Aftermarket demand outpaces shop visit capacity
The commercial aircraft sector’s reliance on existing fleets has driven unprecedented demand for aftermarket support. GE Aerospace currently holds a $170 billion commercial services backlog. First-quarter services revenues increased by more than 30 percent, while spare parts orders grew by 30 percent, with year-over-year growth rates approaching 40 percent.
Culp told Bloomberg that the surge in aftermarket activity is directly tied to airlines extending the operational life of older aircraft amid new airframe delivery delays.
We’ve seen retirements tick down, we’ve seen engine removals, which are really a precursor to a shop visit, actually tick up at a rate faster than we can complete the shop visits currently.
To manage this volume, Culp noted that the company’s ability to service engines relies heavily on the same supply chain improvements driving new engine production.
There’s no way that we take our LEAP deliveries up over 60% in the first quarter, no way we have our services revenues up over 30%, if we weren’t improving the supply chain.
Investing in open fan architecture
While managing current production and maintenance constraints, GE Aerospace is allocating resources toward future propulsion technologies. The company is developing an open fan architecture designed to power the next generation of narrowbody aircraft.
Culp outlined the timeline and strategic necessity of these investments during the IATA summit, noting that the technology is critical for future fleet requirements.

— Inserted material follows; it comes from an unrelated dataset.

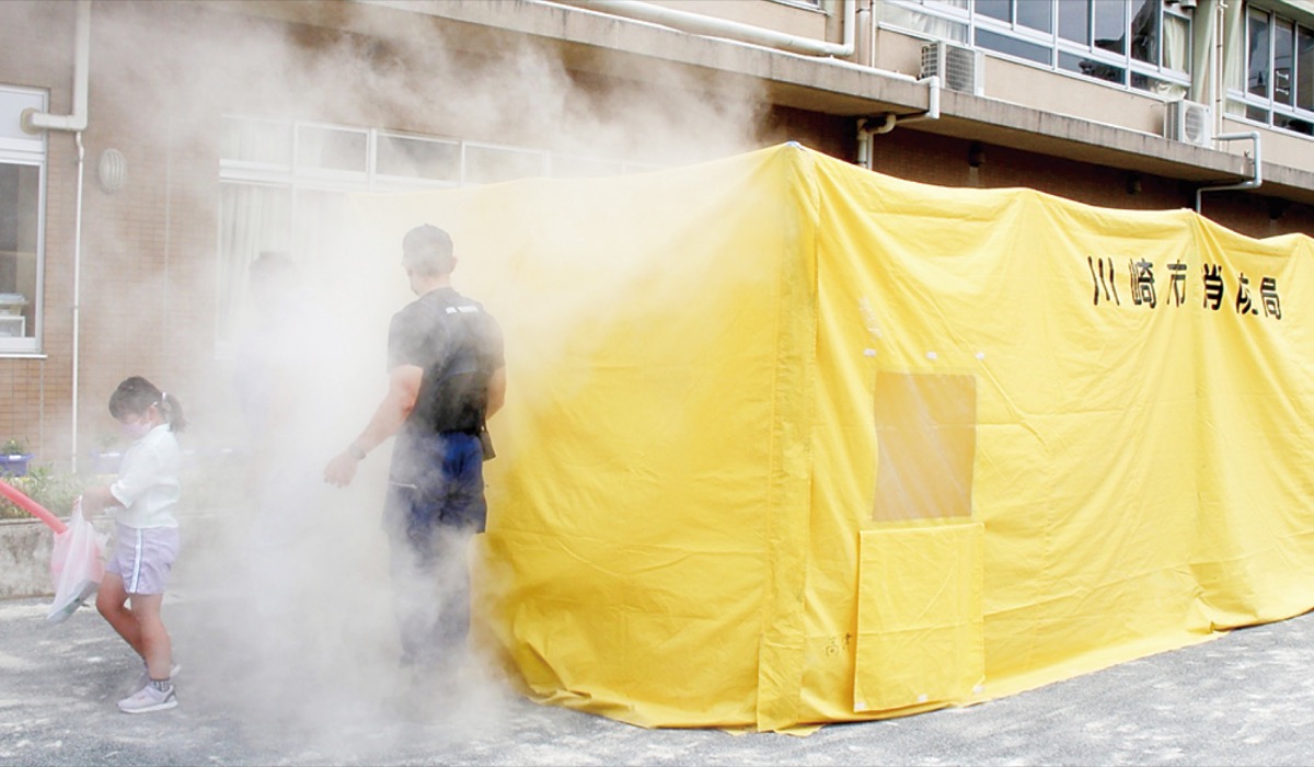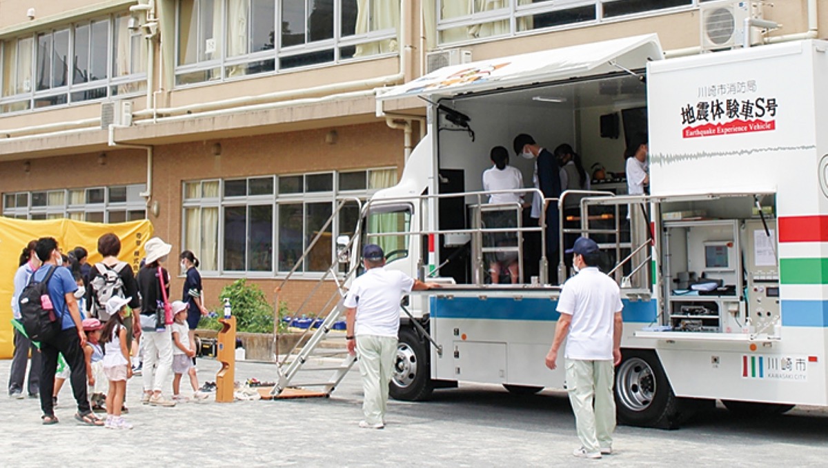 橘小学校を校区とする子ども会の恒例イベント「やってみよう!」が7月3日、同小で開催された(橘小区千年子ども会、千年新町子ども会共催)。コロナ禍の影響で3年ぶりとなったこの催し。当日は直前の雨や炎天下にも関わらず、子どもから大人まで180人以上が来場。高津警察署交通安全課による白バイ展示や親子で体験できる自転車教室が行われたほか、高津消防署新作出張所からは煙発生時の視界の悪さを体感できる煙テントや起震車も登場。また日本赤十字によるAED講習会や地元のサイクルショップによる安全点検なども用意され、イベント内容は盛り沢山といった様子。さらに橘中学校演劇部による未成年犯罪に焦点をあてたステージ、美術部やボランティア部によるイラスト指導、大学生と地域の方による将棋とオセロのコーナーなどで、子どもから大人までが楽しい時間を過ごしていた。

We need to be investing in 2026 to be ready for that next generation narrow body that may be 10 or 15 years out from where we are today. If we’re not investing today, we’re not ready then. We do think that the open fan architecture will allow us to address those reliability and durability concerns, as well as deliver the next breakthrough in efficiency and sustainability.
AirPro News analysis
The $170 billion services backlog highlights a structural reality in the current commercial aviation market. With airframe manufacturers struggling to meet delivery targets for new narrowbody aircraft, airlines are forced to operate older jets longer than anticipated. This dynamic places immense pressure on the global Maintenance, Repair, and Overhaul (MRO) network.
We view GE Aerospace’s transition from a defensive supply chain posture to collaborative problem solving as a necessary evolution following its April 2024 launch as a standalone aerospace entity. However, Culp’s admission that engine removals are outpacing shop visit capacity indicates that MRO bottlenecks will remain a limiting factor for airline capacity well into the late 2020s. The dual mandate of scaling current LEAP production while funding open fan development for the 2030s will test the company’s capital allocation strategy in the coming years.